West side of Nashville. Only been down your way a time or two, last was earlier this year after a visit to the Towee Skiff factory outside of McMinnville. Great folks.


----------



## bob_esper (Jun 3, 2021)

Got started on my rigging last night. It's going together fairly fast for now, but will slow down once the actual wiring starts. Got my motor mounted last night. If nothing else it looks like it should scoot fairly well for what it is.


----------



## bob_esper (Jun 3, 2021)

Motor is fully painted now and the hydraulic steering is done. Now just waiting on cables and a couple other odds and ends and it’ll be ready for a water test.


----------



## Elusive Porpi (Jan 24, 2018)

its coming togethe quite fast now. looks great.


----------



## GoGataGo52__20 (Jun 26, 2016)

What year is that Yamaha? I just got a 2006 70hp Yamaha I’m rebuilding myself, but I’m making it a tiller.


----------



## Elusive Porpi (Jan 24, 2018)

Do you have a poking platform built for it yet?


----------



## bob_esper (Jun 3, 2021)

GoGataGo52__20 said:


> What year is that Yamaha? I just got a 2006 70hp Yamaha I’m rebuilding myself, but I’m making it a tiller.


 It’s an 89. Couldn’t find reproduction graphics so I had to update it to the newer style.


----------



## bob_esper (Jun 3, 2021)

Elusive Porpi said:


> Do you have a poking platform built for it yet?


not yet. That’ll be the last thing I build. Wanting to get it on the water for as much of a shakedown before the 4th when I’m headed to hopedale la.


----------



## Rural (Dec 16, 2019)

Great progress, loving it! By the time you come down to Mobile, I should be able to join you. Let me know if/when. You've inspired me numerous times with your quick fantastic progress to keep working through my rough patches and learning curves! I mean it looks complete with the rub rail, they always do, even if lacking hatches to me ... the rail defines...


----------



## bob_esper (Jun 3, 2021)

Rural said:


> Great progress, loving it! By the time you come down to Mobile, I should be able to join you. Let me know if/when. You've inspired me numerous times with your quick fantastic progress to keep working through my rough patches and learning curves! I mean it looks complete with the rub rail, they always do, even if lacking hatches to me ... the rail defines...


Thanks!

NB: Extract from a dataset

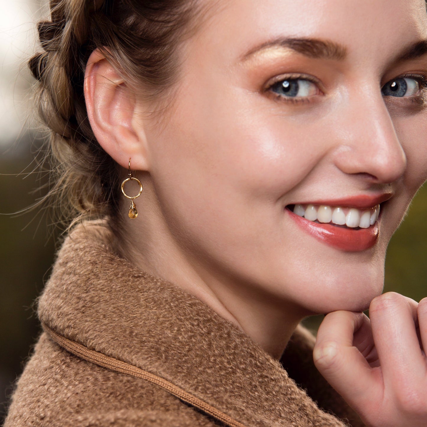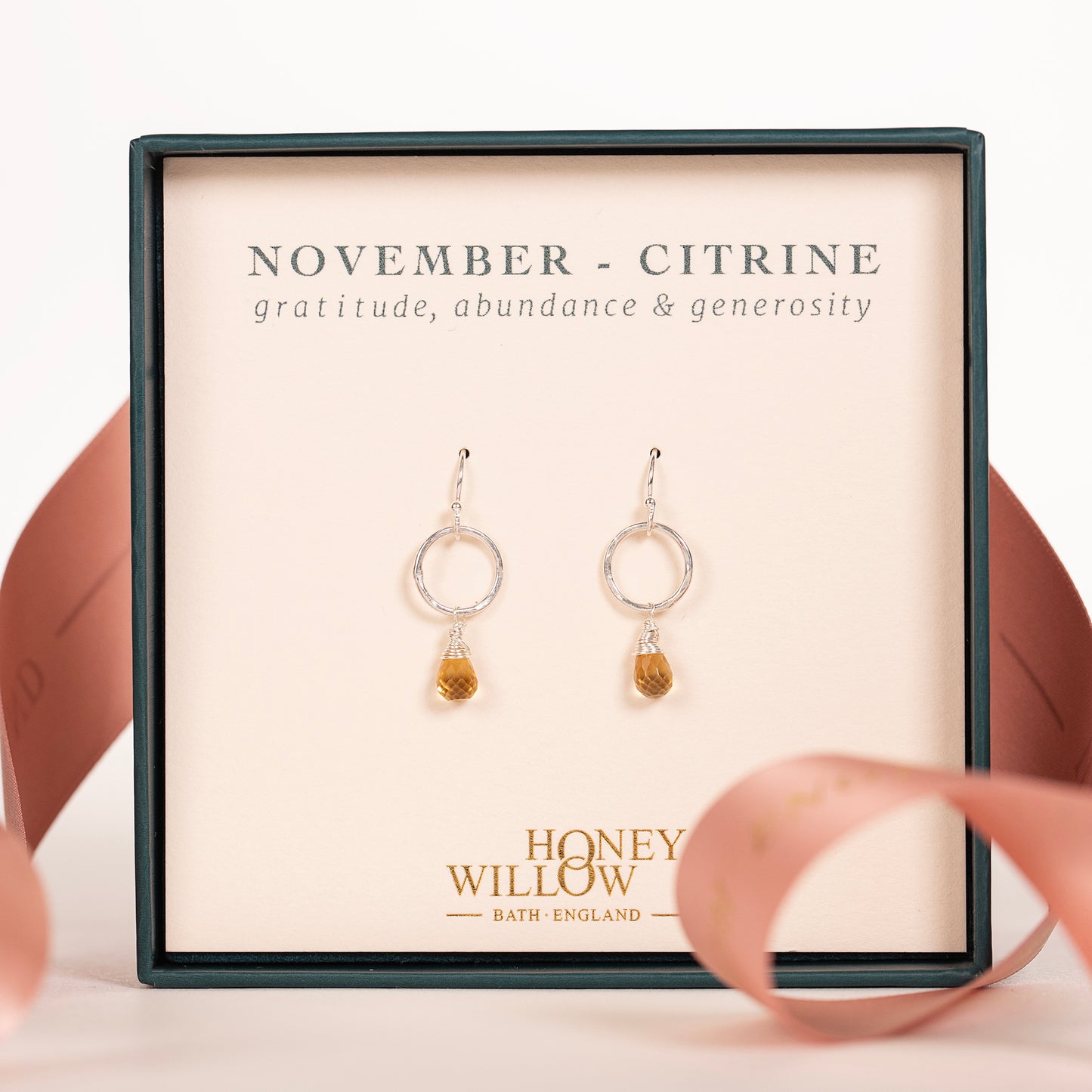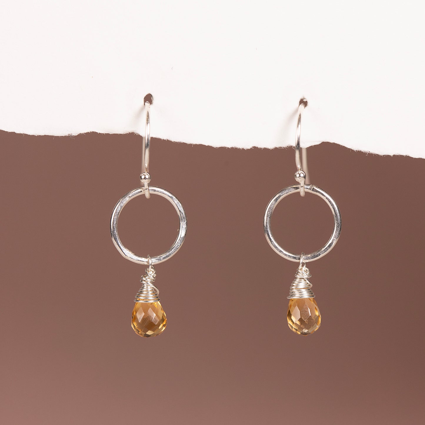 November Birthstone Circle Earrings - Citrine - Silver & Gold

Yea the rub rail and non skid go a long way towards making it look finished. How’s yours coming?


----------



## dodgerodder (Feb 9, 2021)

Kick ass!! Wow the hull looks amazing in paint!

You are so close now.

Keep up the great work, you should be proud of your accomplishment

Dan


----------



## bob_esper (Jun 3, 2021)

Well, talk about a sight for sore eyes. Cables and wiring harness showed up yesterday so I was able to get the motor up and running last night. All I had at the house was a little premixed fuel, and it's still got the oil injection hooked up so it was a little extra smokey haha. Tonight i've gotta wire up the tach and bleed the hydraulics again and she will be ready to hit the water tomorrow afternoon.


----------



## fishnpreacher (Jul 28, 2018)

Looking great, can't wait to see the splash pictures!!


----------



## bob_esper (Jun 3, 2021)

She’s officially a boat. Ran around for 30 minutes or so. Overall very happy. Boat went 37, needs more prop. She is super light and takes off like a rocket.


----------



## Smackdaddy53 (Dec 31, 2012)

bob_esper said:


> She’s officially a boat. Ran around for 30 minutes or so. Overall very happy. Boat went 37, needs more prop. She is super light and takes off like a rocket.
> View attachment 186009


37 is scooting for a 70! Nice


----------



## bob_esper (Jun 3, 2021)

Had a 17 pitch prop on it. I luckily have a 19 laying around. I had to back out of the throttle with the 17 because it would over rev. Hoping to see 40 in the am.


----------



## fishnpreacher (Jul 28, 2018)

Just one quick question.....How big is your smile?


----------



## Hank (Jan 14, 2019)

Lookin’ good!


----------



## GoGataGo52__20 (Jun 26, 2016)

Nice she looks sweet man, clean work. The kid is having a blast too you can tell lol


----------



## bob_esper (Jun 3, 2021)

Took her out this morning with the 19 pitch prop. Was able to hit 40 without too much trouble. This thing takes off like a rocket. I think I am gonna move the batteries to the front.


----------



## Gatorbig (Jan 15, 2021)

Wow man congrats on the job well done!


----------



## GoGataGo52__20 (Jun 26, 2016)

Nice 40mph is flying for a small skiff!


----------



## Tripletail (Apr 8, 2021)

Super impressed, this thing is awesome! I'd buy it if it were for sale lol congrats man!


----------



## bob_esper (Jun 3, 2021)

Tripletail said:


> Super impressed, this thing is awesome! I'd buy it if it were for sale lol congrats man!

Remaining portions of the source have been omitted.